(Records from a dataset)
[Start of Attachment]

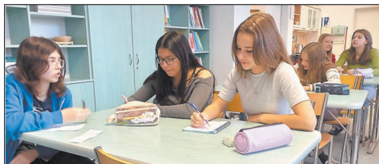
ŽÁCI a žákyně popisovali, co se jim v Jihlavě nelíbí.
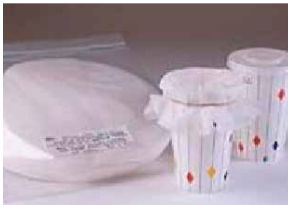
Figura 3. Vasos de cartón para coleccionar semen.

Al comienzo de la eyaculación se debe seguir apretando la extremidad del pene, aplicando presión discontinua para estimular la eyaculación. Desechar la primera parte del eyaculado (fracción pre-espermática: fluido claro, acuoso y con elevado recuento bacteriano). Re-
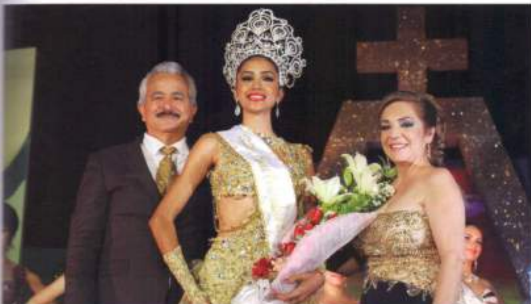
Baile de Embajadoras 2015 <<Al Son de la Belleza>>

El denominado por nuestros habitantes como <<Evento del año>>, concentró a más de 800 personas e impactó positivamente a través de los medios de comunicación como televisión, radio, prensa escrita y redes sociales.
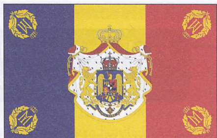
Steagul regal al României

pentru regină, principele moștenitor și ceilalți membri ai familiei regale. Cifra regală, ultimul dintre însemnele regale, era diferită de la un monarh la altul. Acest însemn a fost folosit de suveranii României pentru a marca obiectele care aparțineau regelui sau casei sale. Cifra regală era aplicată pe cărți, scrisori, pe drapele sau uniforme și era formată din inițiala stilizată a numelui regelui. De cele mai multe ori, cifra regală era însoțită, în partea de sus a sa, de simbolul Coroanei.
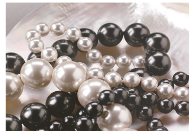
Neutros fríos Neutros fríos
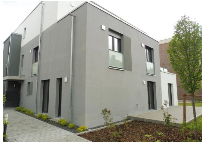
Energiebedarfsausweis, 23,2 kWh/(m 2 a), Erdgas, Kl. A+

Beschreibung: Das Haus beherbergt insgesamt nur 6 Eigentumswohnungen und besticht durch die persönliche Note der kleinen Hausgemeinschaft. Durch die klare Raumaufteilung, Tageslichtbäder und offene Wohn- und Essbereiche erhalten die einzelnen Wohnungen Struktur und Funktionalität. In jeder Wohneinheit holen bodentiefe Fensterflächen das Außen nach Innen und geben den Räumen Weite und Helligkeit.
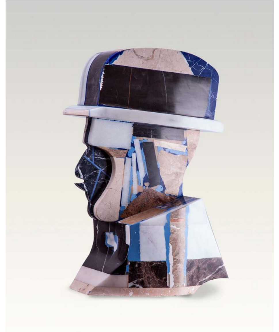
Notario Piedra Mármol, resina y pigmento 60 x 45 x 40 cm. 2012
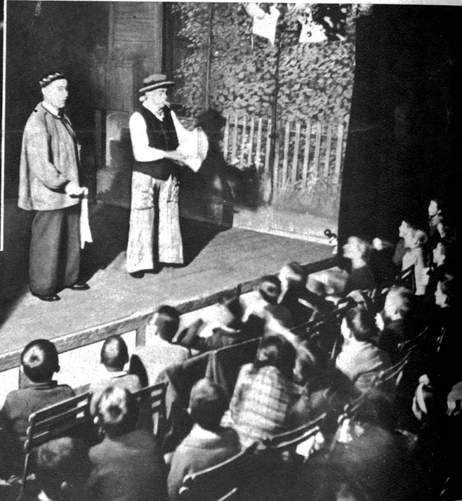
Die Komiker der Kapelle erregen Heiterkeit und Beifall
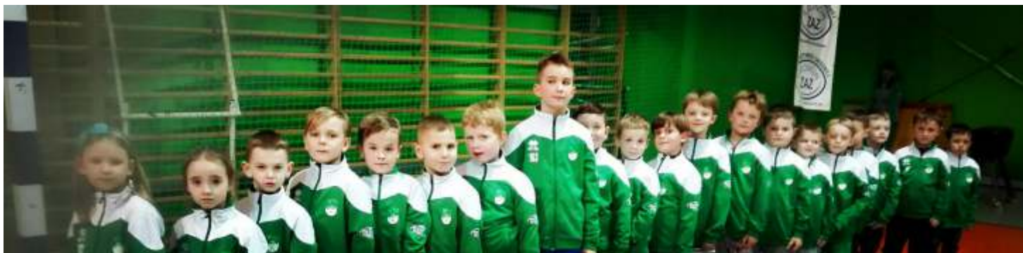
(Wisław Borek Wlkp.)

Zapisy pod nr tel. 504 504 660. Zapraszamy!
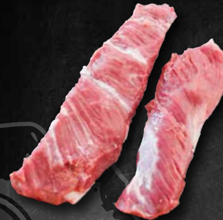
Kronfleisch „Skirt“ 263254
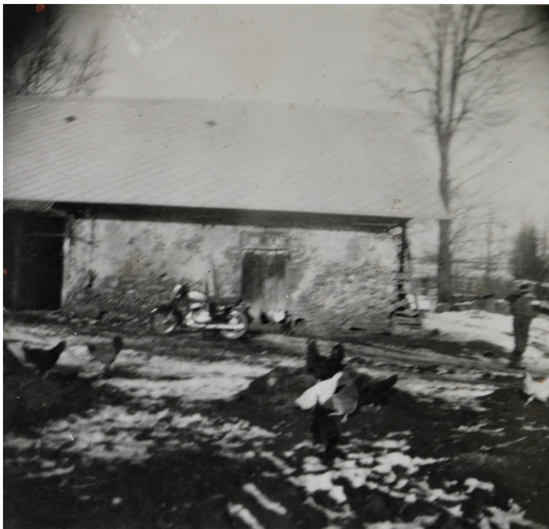
Ubouraný pivovar Schreinerova statku
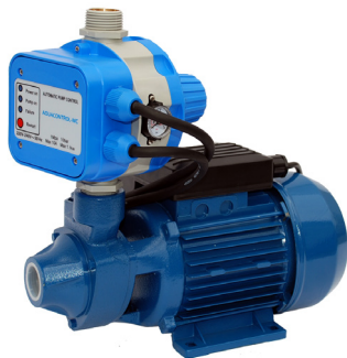
GP - PE/AQUACONTROL-MC
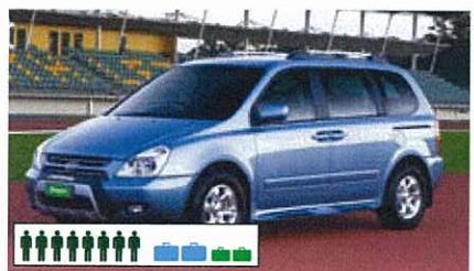
T (PVAR): Kia Carnival o.g. (Minivan), automatisch, airbag, airco, radio/cd, 5-deurs
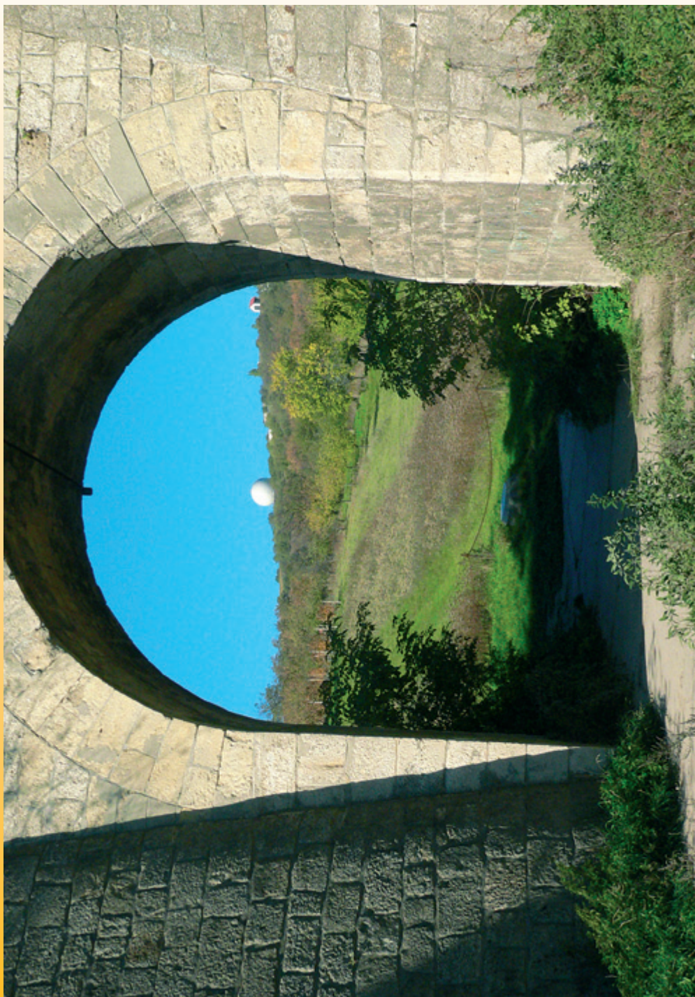
Vyšlo ranní sluníčko i s radarem
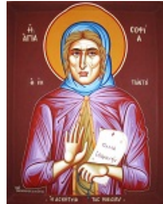
Οσία Σοφία η εν Κλεισούρα ασκήσασα
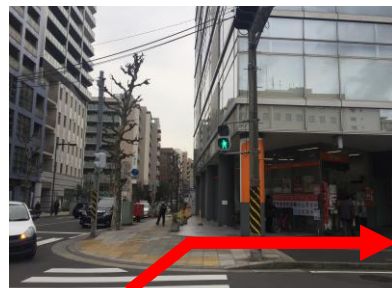
⑤ 公園を右手に、郵便局前の横断歩道を渡り、右に曲がる
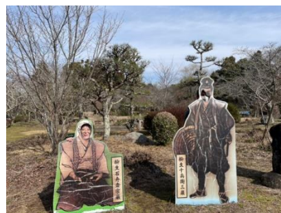
柳生雪舟 柳生十兵衛
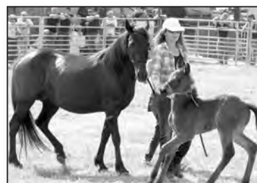
L'associu Cavallu corsu a présentu le premières pouliches de la race

L'édition 2011 de la traditionnelle "Fiera di San Brancà" s'est imposée comme l'événement printanier de la Casinca, à travers un programme varié "trà canti è tradizioni".
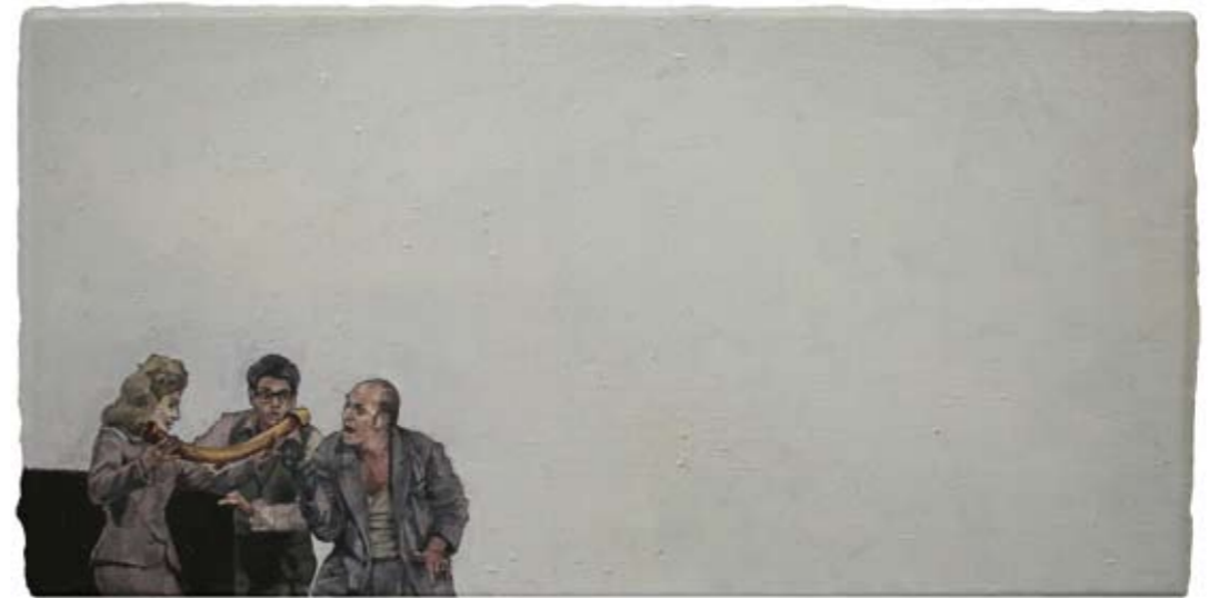
EXPERTEN | 2007 | Öl auf Leinwand | 30 x 60 cm oil on canvas | 11.8 x 23.6 inches
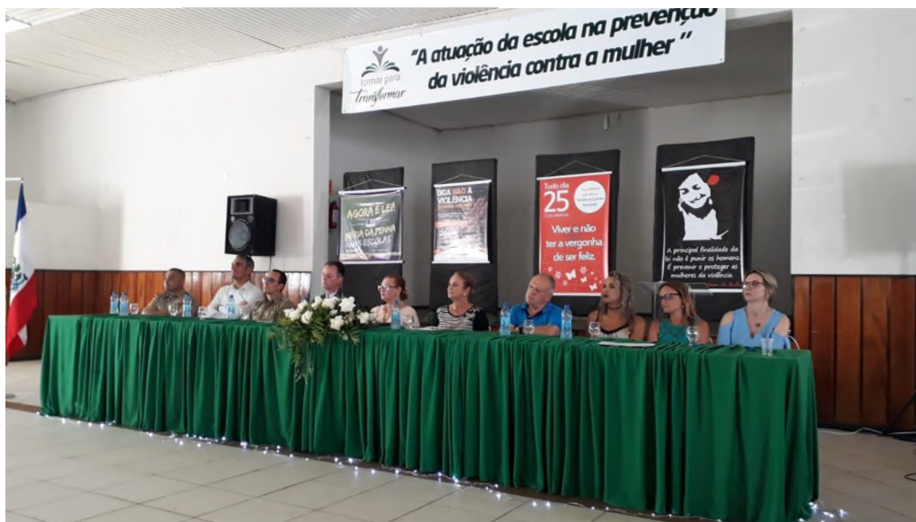
Foto 15 - Roda de Conversas

Após breve intervalo, deu-se início à Roda de Conversas, com a participação de autoridades e membros da rede, momento em que os presentes tiveram oportunidade de debater e de apresentar os serviços disponíveis na rede de apoio e proteção à mulher de Siderópolis.
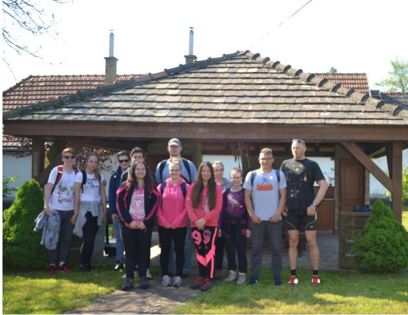
Indulás az Eperjesre
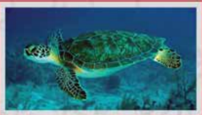
◀️ لاک‌پشت‌های پوزه عقابی
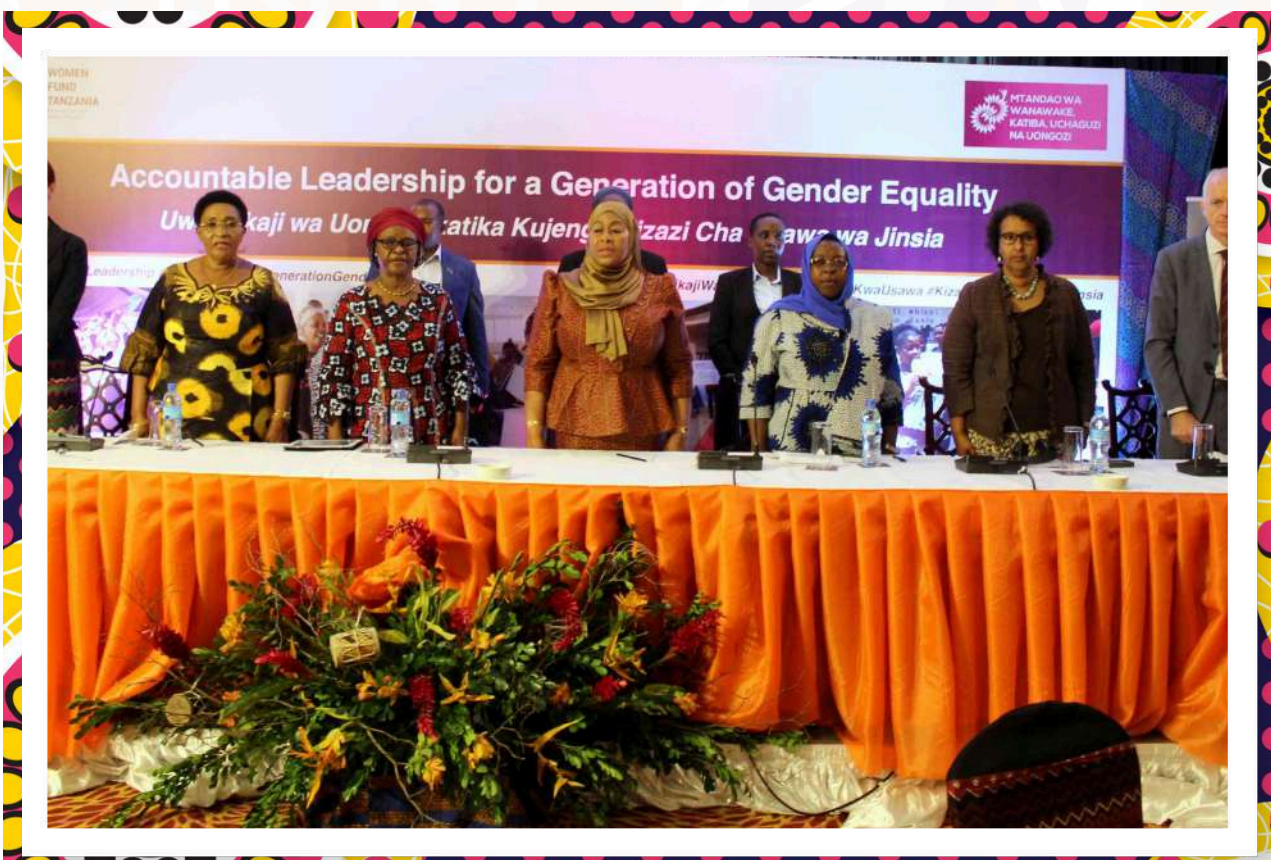
Picha: Moja ya mikutano na Mhe. Samia Suluhu Hassan, Rais wa Jamhuri ya Muungano wa Tanzania iliyogusa Uwajibikaji wa Uongozi kujenga Kizazi cha Usawa na Jinsia.

Kwetu sisi Wanamtandao wa wanawake Katiba, Uongozi na Uchaguzi imetudhibitia kwamba, katiba na hasa katiba yenye mrengo wa jinsia, ikiwa ni sheria mama, inaweza kutumika kujenga nguzo imara kwenye kuwezesha mabadiliko chanya kwenye harakati za utetezi wa madai ya haki nzetu. Fursa hii itaendelea kutupa chachu ya kuendeleza madai ya kuwepo na mabadiliko ya katiba yenye mrengo wa jinsia.
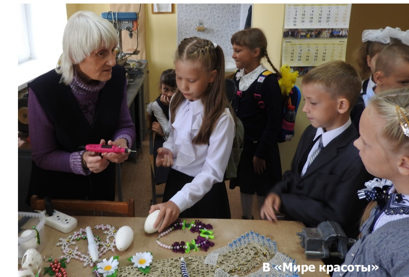
В «Мире красоты»
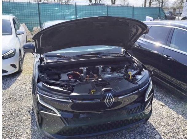
Slika M01: motorni prostor
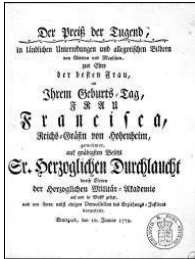
3 Der Preis der Tugend. Theaterstück. Titelblatt, 1779
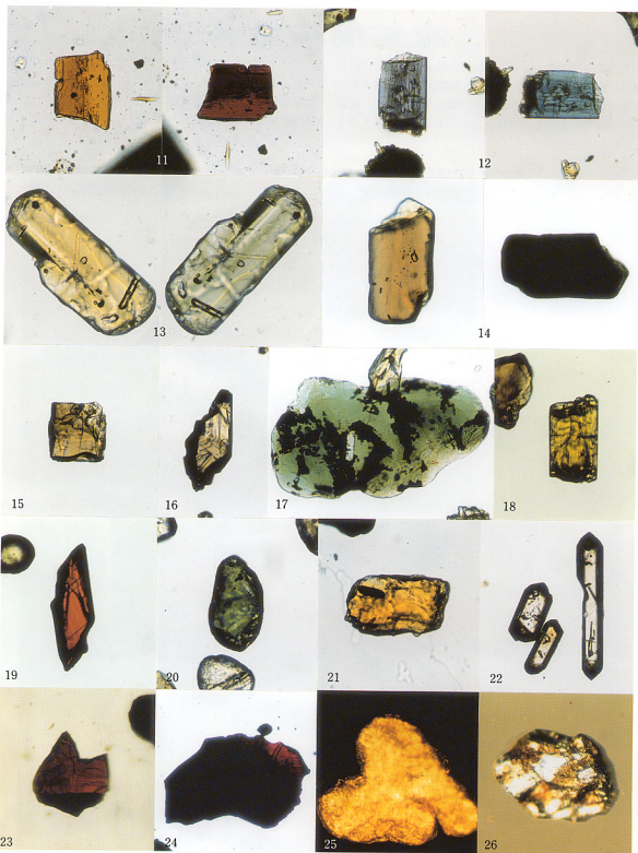
干渉色の著しい鉱物 1：普通輝石 2：黒雲石 3：クリノゾイサイト 4：タイアスポア 5：透輝石 6：普通角閃石 7：かんらん石 8：珪線石 9：透角閃石 10：ゾイサイト 多色性の強い鉱物 11：玄武角閃石 12：藍閃石 13：紫輝石 14：電気石 特有の色調を持つ鉱物 15：褐れん石 16：錫石 17：緑泥石 18：緑れん石 19：金紅石 20：スピネル 21：十字石 22：ジルコン 通常は不透明であるが粒子の薄い部分で光を通す鉱物 23：クロム鉄鉱 24：赤鉄鉱 反射光でみた不透明鉱物 25：金 26：チタン鉄鉱
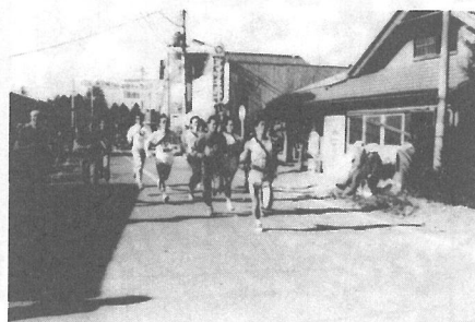
今年の栄冠はどのブロックに？
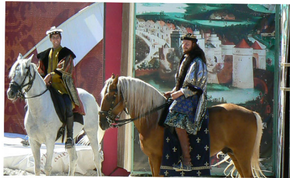
Une Journée à Chambord
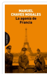
La agonía de Francia Chaves Nogales, Manuel
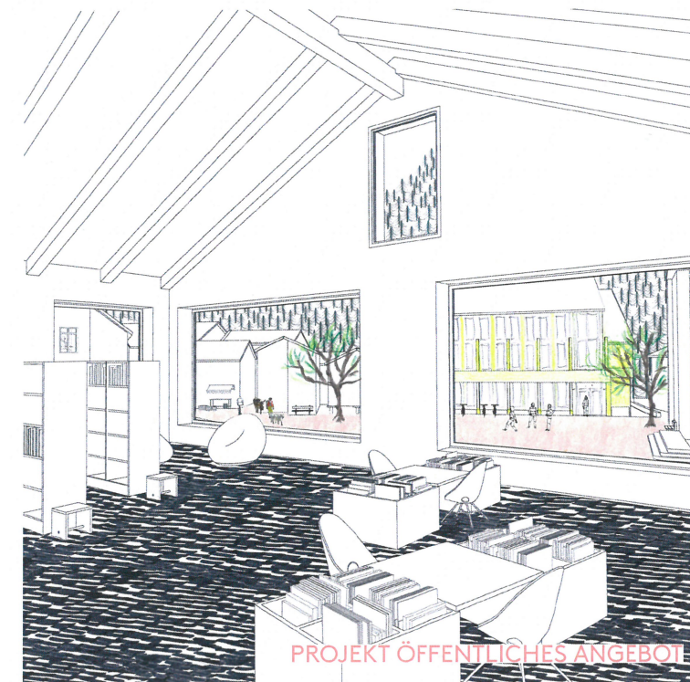
PROJEKT ÖFFENTLICHES ANGEBOT
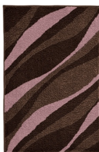
BADTEPPICH DREAM: versch. Maße, 100% Polyester, Nussbraun, ab 52,99 €

Die Farbe Braun erlebt aktuell ein Comeback und zählt als satte Kontrastfarbe zu den Interieur-Trends 2023. Mit der neuen Designwelt COZY BROWN gibt Kleine Wolke schon heute eine Preview auf die Ambiente 2023 . Dort präsentiert das Bremer Unternehmen diese und weitere Kollektion „live & in Farbe“. In COZY BROWN vereinen sich beruhigende Erdtöne mit gedecktem Rouge. Große Bögen, filigrane Punkte und runde Formen setzen gekonnt Akzente im wohlig-warmen Badezimmer.
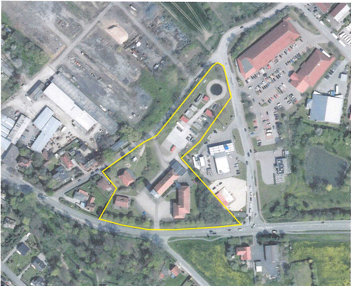
Abb.: Digitaler Atlas Nord
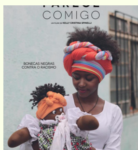
Parece Comigo Documentário Clique aqui
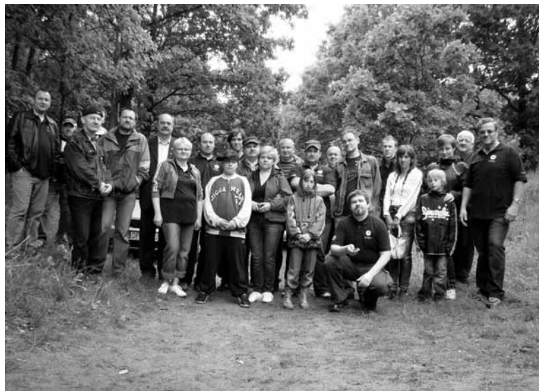
Uczestnicy zawodów na strzelnicy w Ozimku.

W sobotę 28 maja krwiodawcy zrzeszeni w klubach HDK-PCK spotkali się, na ozimskiej strzelnicy, by wspólnie rywalizować w IV Rejonowych Zawodach Strzeleckich.
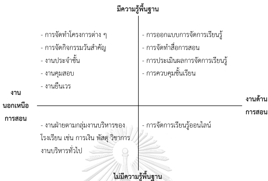
ภาพ 4.1 ภาระงานจำแนกตามมิติด้านความรู้และมิติด้านประเภทของงานของนักศึกษาครู
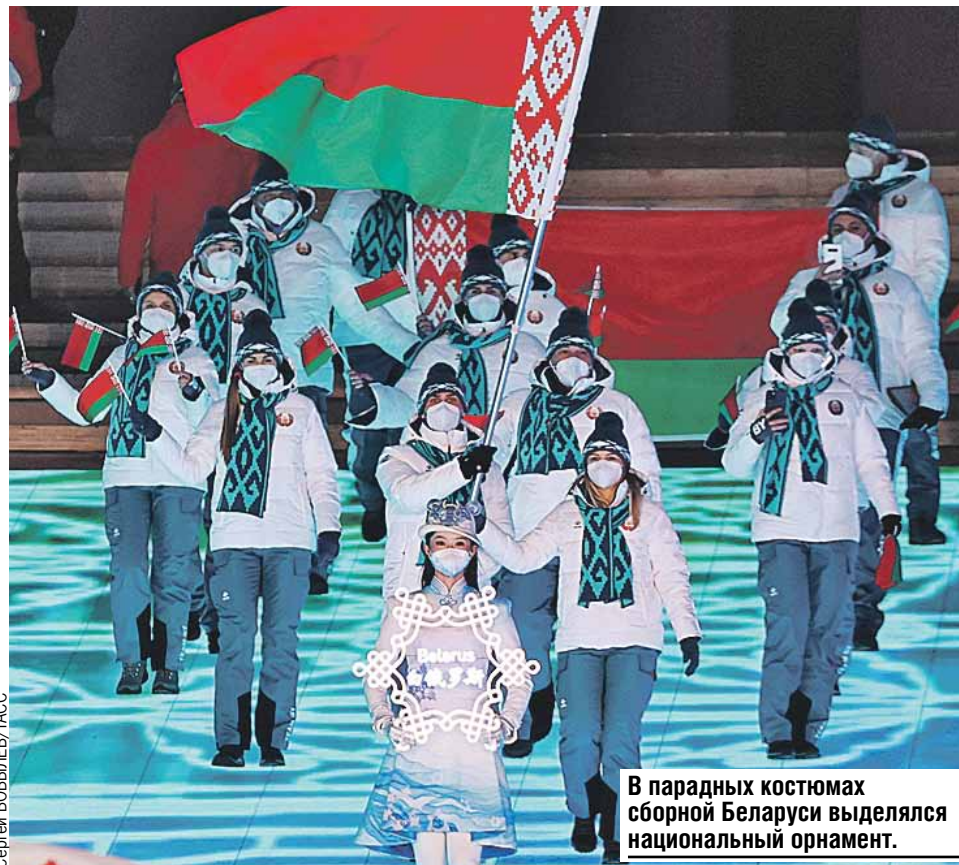
В парадных костюмах сборной Беларуси выделялся национальный орнамент.

[End of Attachment]

= AIM OF THE TASK =
Start at the line containing "Após breve intervalo, deu-se" above and stop at the line containing "BADTEPPICH DREAM: versch.". Output those lines exactly, both included, but none of the pictures.

= EXERCISE SOLUTION =
Após breve intervalo, deu-se início à Roda de Conversas, com a participação de autoridades e membros da rede, momento em que os presentes tiveram oportunidade de debater e de apresentar os serviços disponíveis na rede de apoio e proteção à mulher de Siderópolis.
Indulás az Eperjesre
◀️ لاک‌پشت‌های پوزه عقابی
Picha: Moja ya mikutano na Mhe. Samia Suluhu Hassan, Rais wa Jamhuri ya Muungano wa Tanzania iliyogusa Uwajibikaji wa Uongozi kujenga Kizazi cha Usawa na Jinsia.

Kwetu sisi Wanamtandao wa wanawake Katiba, Uongozi na Uchaguzi imetudhibitia kwamba, katiba na hasa katiba yenye mrengo wa jinsia, ikiwa ni sheria mama, inaweza kutumika kujenga nguzo imara kwenye kuwezesha mabadiliko chanya kwenye harakati za utetezi wa madai ya haki nzetu. Fursa hii itaendelea kutupa chachu ya kuendeleza madai ya kuwepo na mabadiliko ya katiba yenye mrengo wa jinsia.
В «Мире красоты»
Slika M01: motorni prostor
3 Der Preis der Tugend. Theaterstück. Titelblatt, 1779
干渉色の著しい鉱物 1：普通輝石 2：黒雲石 3：クリノゾイサイト 4：タイアスポア 5：透輝石 6：普通角閃石 7：かんらん石 8：珪線石 9：透角閃石 10：ゾイサイト 多色性の強い鉱物 11：玄武角閃石 12：藍閃石 13：紫輝石 14：電気石 特有の色調を持つ鉱物 15：褐れん石 16：錫石 17：緑泥石 18：緑れん石 19：金紅石 20：スピネル 21：十字石 22：ジルコン 通常は不透明であるが粒子の薄い部分で光を通す鉱物 23：クロム鉄鉱 24：赤鉄鉱 反射光でみた不透明鉱物 25：金 26：チタン鉄鉱
今年の栄冠はどのブロックに？
Une Journée à Chambord
La agonía de Francia Chaves Nogales, Manuel
PROJEKT ÖFFENTLICHES ANGEBOT
BADTEPPICH DREAM: versch. Maße, 100% Polyester, Nussbraun, ab 52,99 €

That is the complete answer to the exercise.